* [Supplied information]:
====================

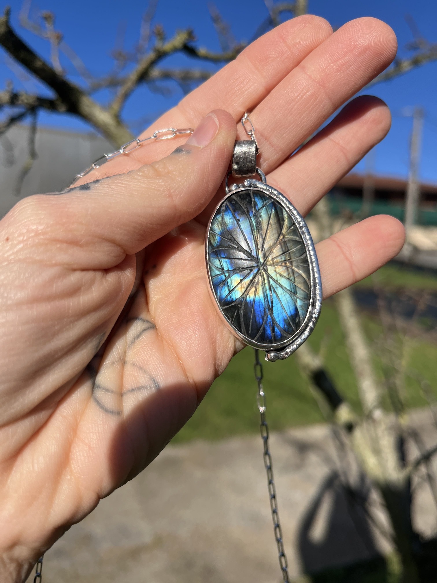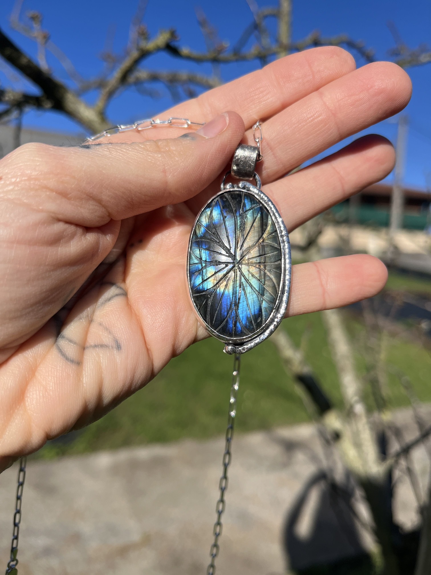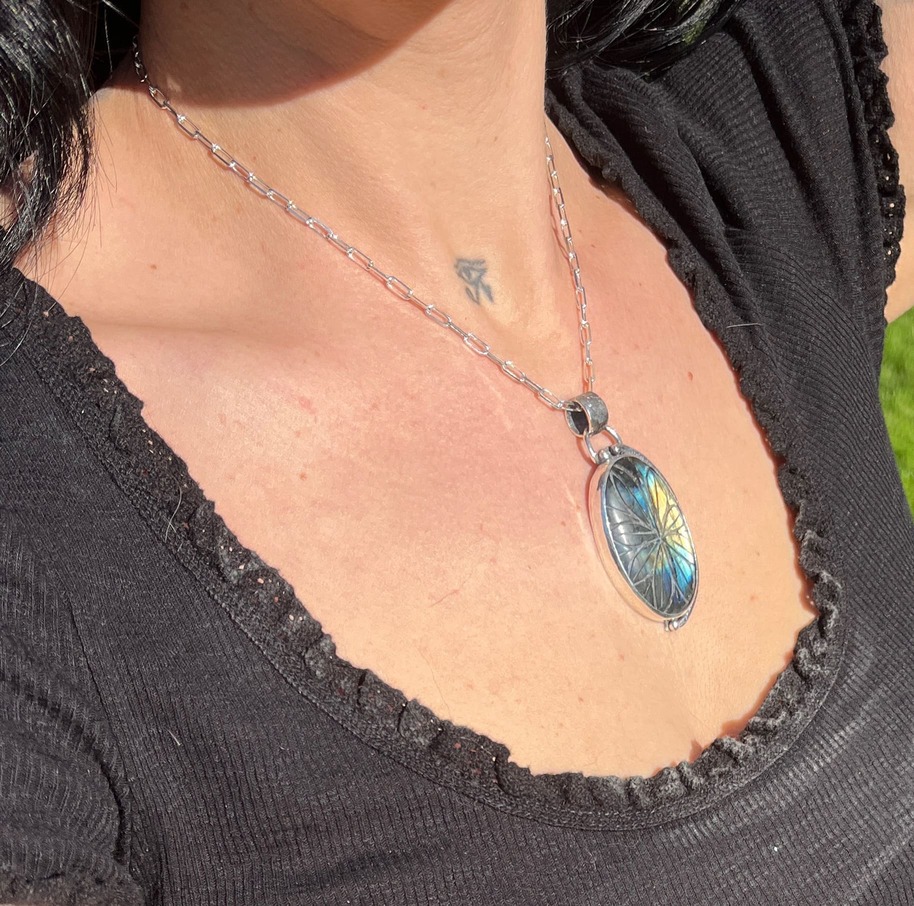 Colgante de Labradorita tallado con mandala
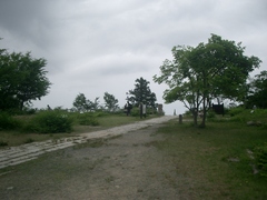 今日は、初めて五鬼城山公園頂上の展望台に登って見た。先の道を左に下って行く。 |
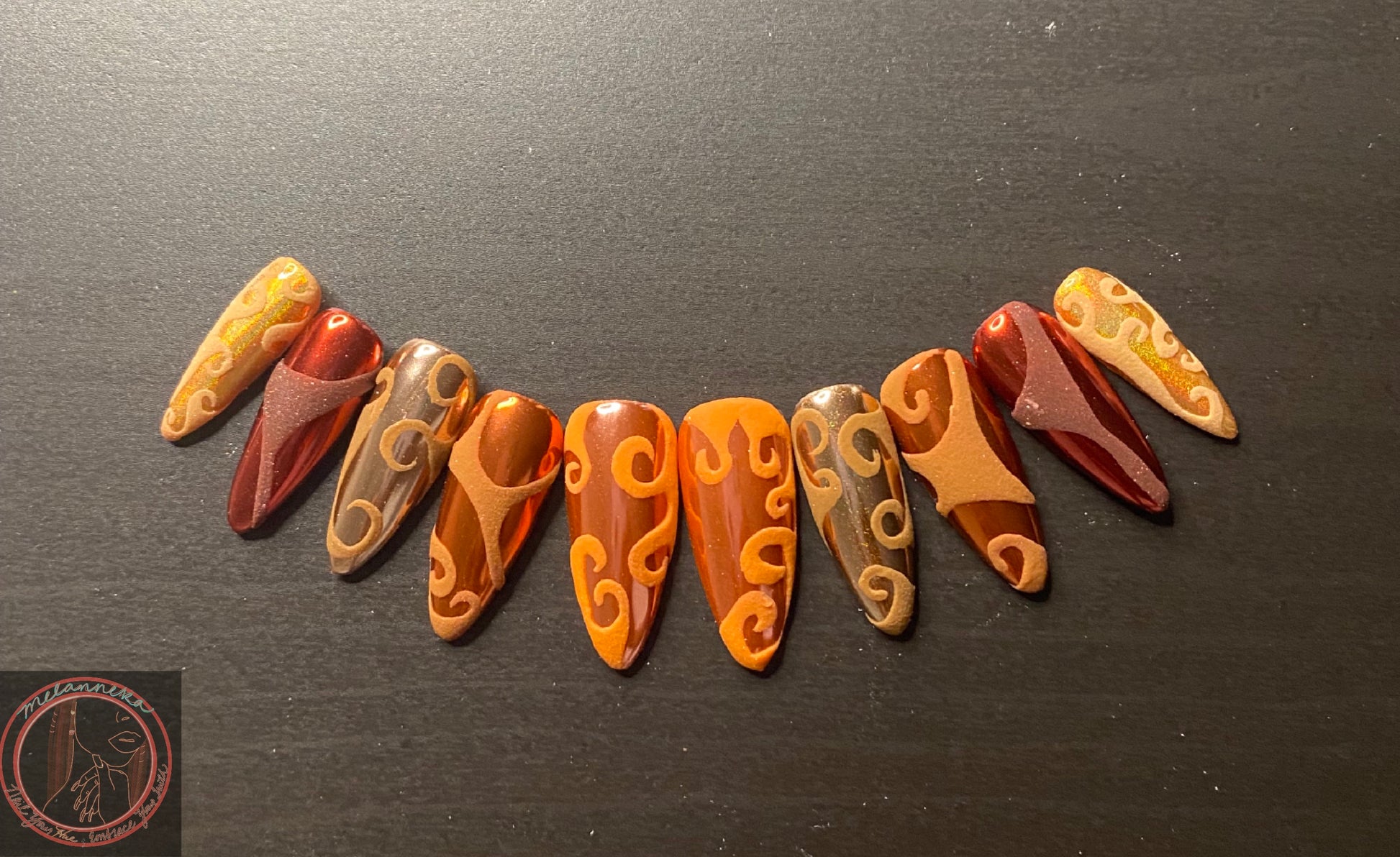 Experience the beauty of fall with the "Rustic Elegance" press on nail set. Fall in love with the warm hues and elegant design. Achieve a gorgeous look without the hassle of salon visits. Make a statement with ease and enjoy the season with these stunning nails!

====================

* [Work required]: Copy the listing exactly but drop its images.

* [Expected output]:
 Colgante de Labradorita tallado con mandala
 今日は、初めて五鬼城山公園頂上の展望台に登って見た。先の道を左に下って行く。 |
 Experience the beauty of fall with the "Rustic Elegance" press on nail set. Fall in love with the warm hues and elegant design. Achieve a gorgeous look without the hassle of salon visits. Make a statement with ease and enjoy the season with these stunning nails!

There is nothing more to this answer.